--- Provided records Enclosed Below ---
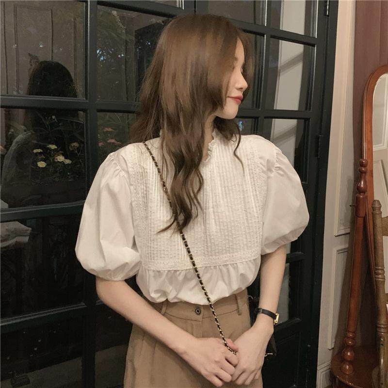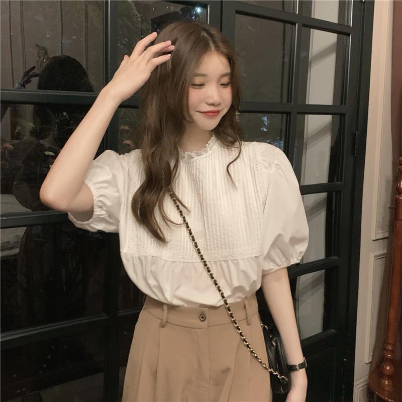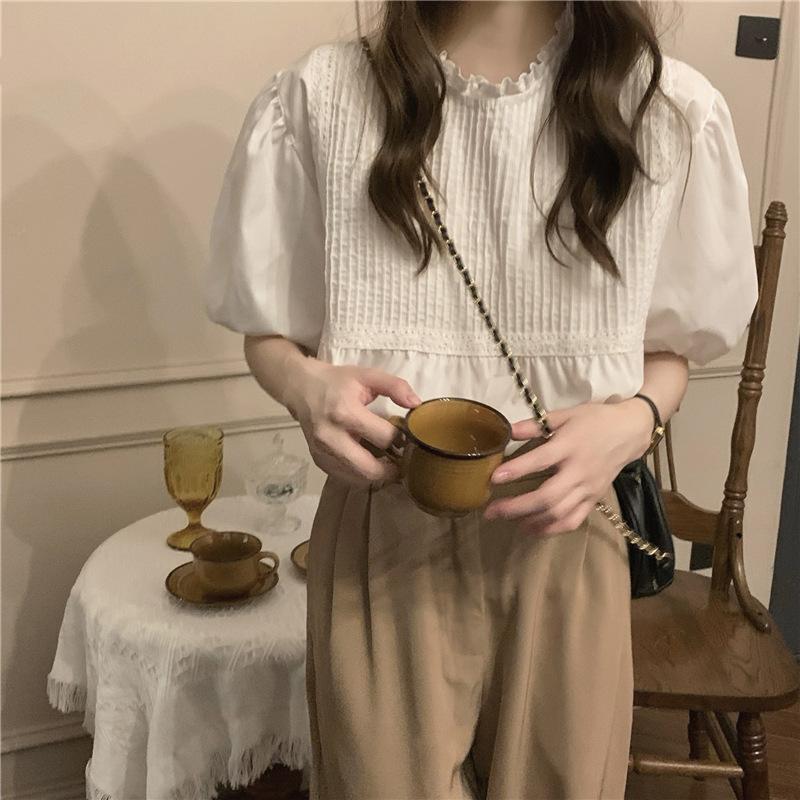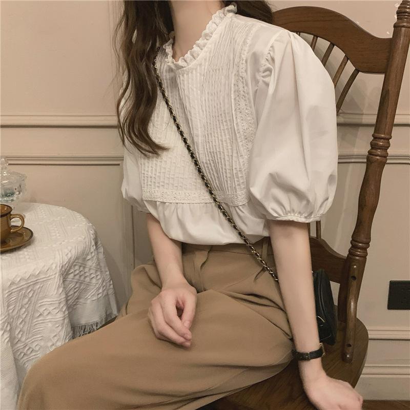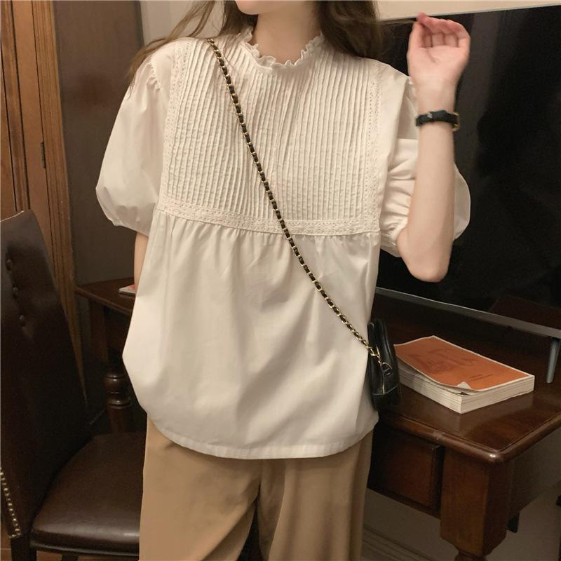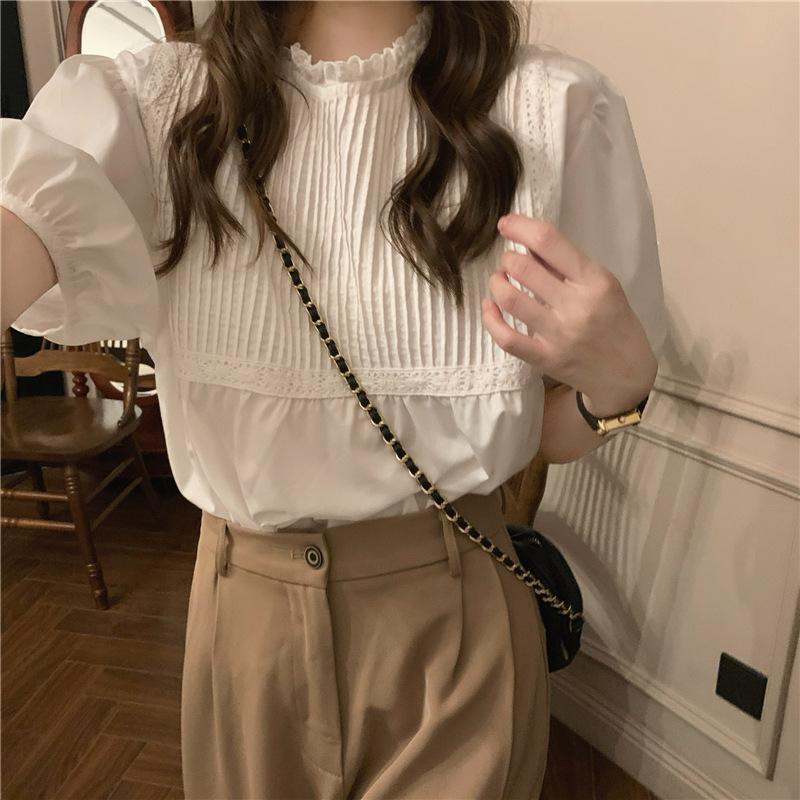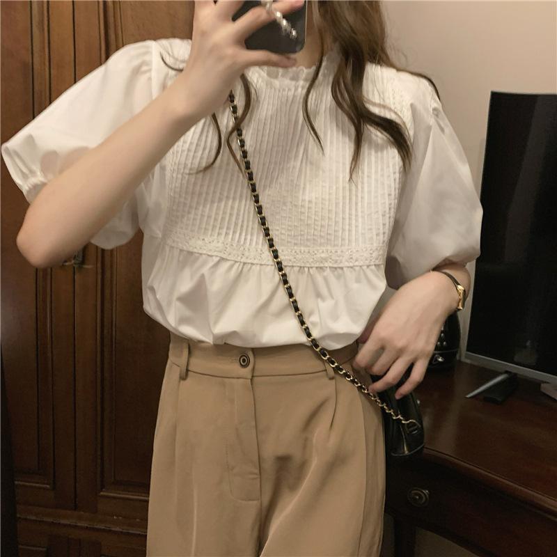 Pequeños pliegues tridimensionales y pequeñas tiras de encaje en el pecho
--- End of Enclosed Provided records ---
--- Provided records Enclosed Below ---
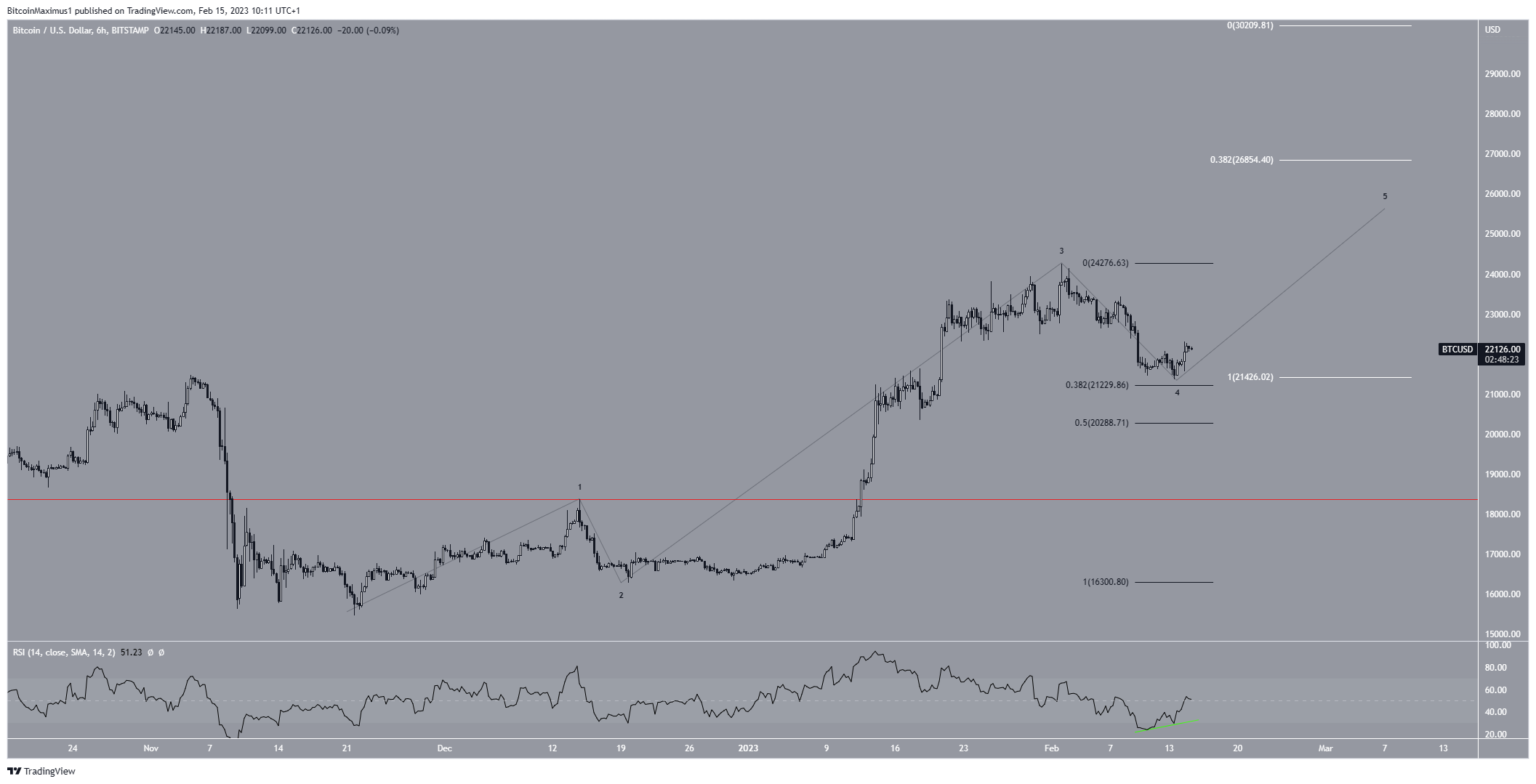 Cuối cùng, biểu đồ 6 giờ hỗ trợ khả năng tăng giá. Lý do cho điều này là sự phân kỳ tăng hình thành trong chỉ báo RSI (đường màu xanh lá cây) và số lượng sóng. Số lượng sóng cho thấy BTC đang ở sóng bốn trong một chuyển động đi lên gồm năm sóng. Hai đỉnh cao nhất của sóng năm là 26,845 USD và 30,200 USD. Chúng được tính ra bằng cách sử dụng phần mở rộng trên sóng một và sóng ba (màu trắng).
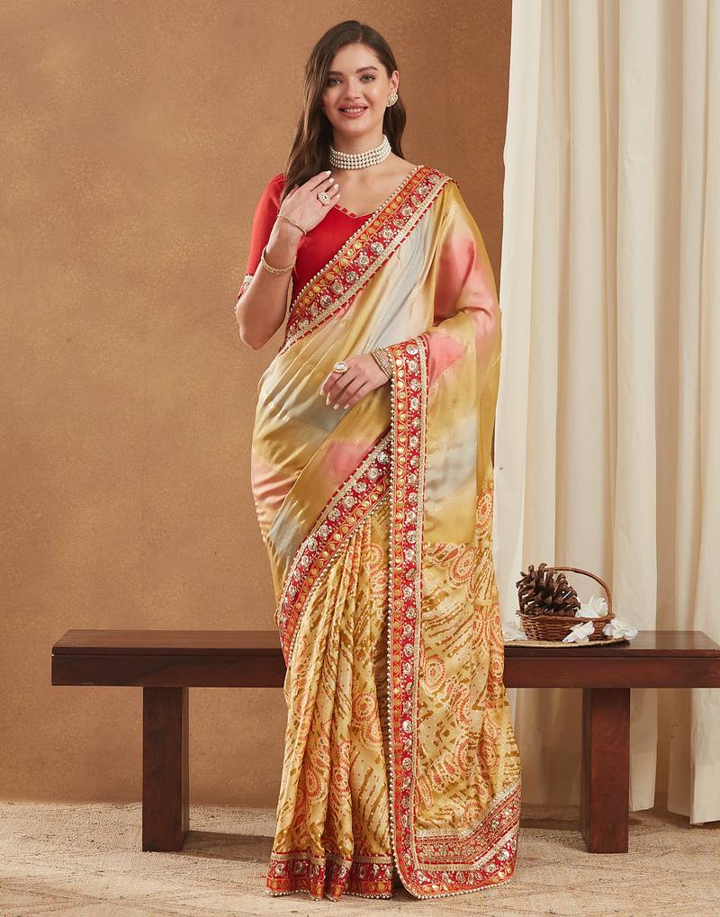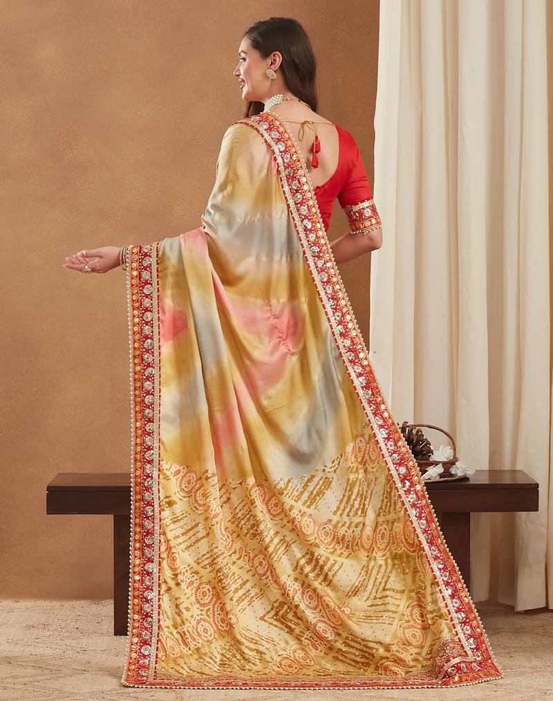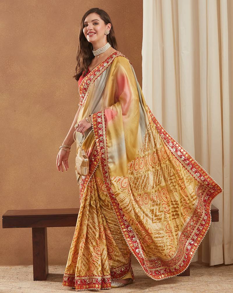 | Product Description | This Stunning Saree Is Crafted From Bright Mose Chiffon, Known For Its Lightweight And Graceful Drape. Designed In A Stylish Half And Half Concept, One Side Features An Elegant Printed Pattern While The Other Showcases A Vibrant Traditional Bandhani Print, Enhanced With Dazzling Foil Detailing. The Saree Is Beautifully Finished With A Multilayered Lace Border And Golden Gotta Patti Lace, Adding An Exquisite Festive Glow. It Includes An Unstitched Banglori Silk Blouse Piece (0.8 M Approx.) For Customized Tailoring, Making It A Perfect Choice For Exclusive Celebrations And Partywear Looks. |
--- End of Enclosed Provided records ---
■ Work instructions:
Starting at the line containing "Cuối cùng, biểu" and finishing at the line containing "Partywear Looks. |", return those lines exactly as they appear above, without the pictures.

■ Solution below:
 Cuối cùng, biểu đồ 6 giờ hỗ trợ khả năng tăng giá. Lý do cho điều này là sự phân kỳ tăng hình thành trong chỉ báo RSI (đường màu xanh lá cây) và số lượng sóng. Số lượng sóng cho thấy BTC đang ở sóng bốn trong một chuyển động đi lên gồm năm sóng. Hai đỉnh cao nhất của sóng năm là 26,845 USD và 30,200 USD. Chúng được tính ra bằng cách sử dụng phần mở rộng trên sóng một và sóng ba (màu trắng).
 | Product Description | This Stunning Saree Is Crafted From Bright Mose Chiffon, Known For Its Lightweight And Graceful Drape. Designed In A Stylish Half And Half Concept, One Side Features An Elegant Printed Pattern While The Other Showcases A Vibrant Traditional Bandhani Print, Enhanced With Dazzling Foil Detailing. The Saree Is Beautifully Finished With A Multilayered Lace Border And Golden Gotta Patti Lace, Adding An Exquisite Festive Glow. It Includes An Unstitched Banglori Silk Blouse Piece (0.8 M Approx.) For Customized Tailoring, Making It A Perfect Choice For Exclusive Celebrations And Partywear Looks. |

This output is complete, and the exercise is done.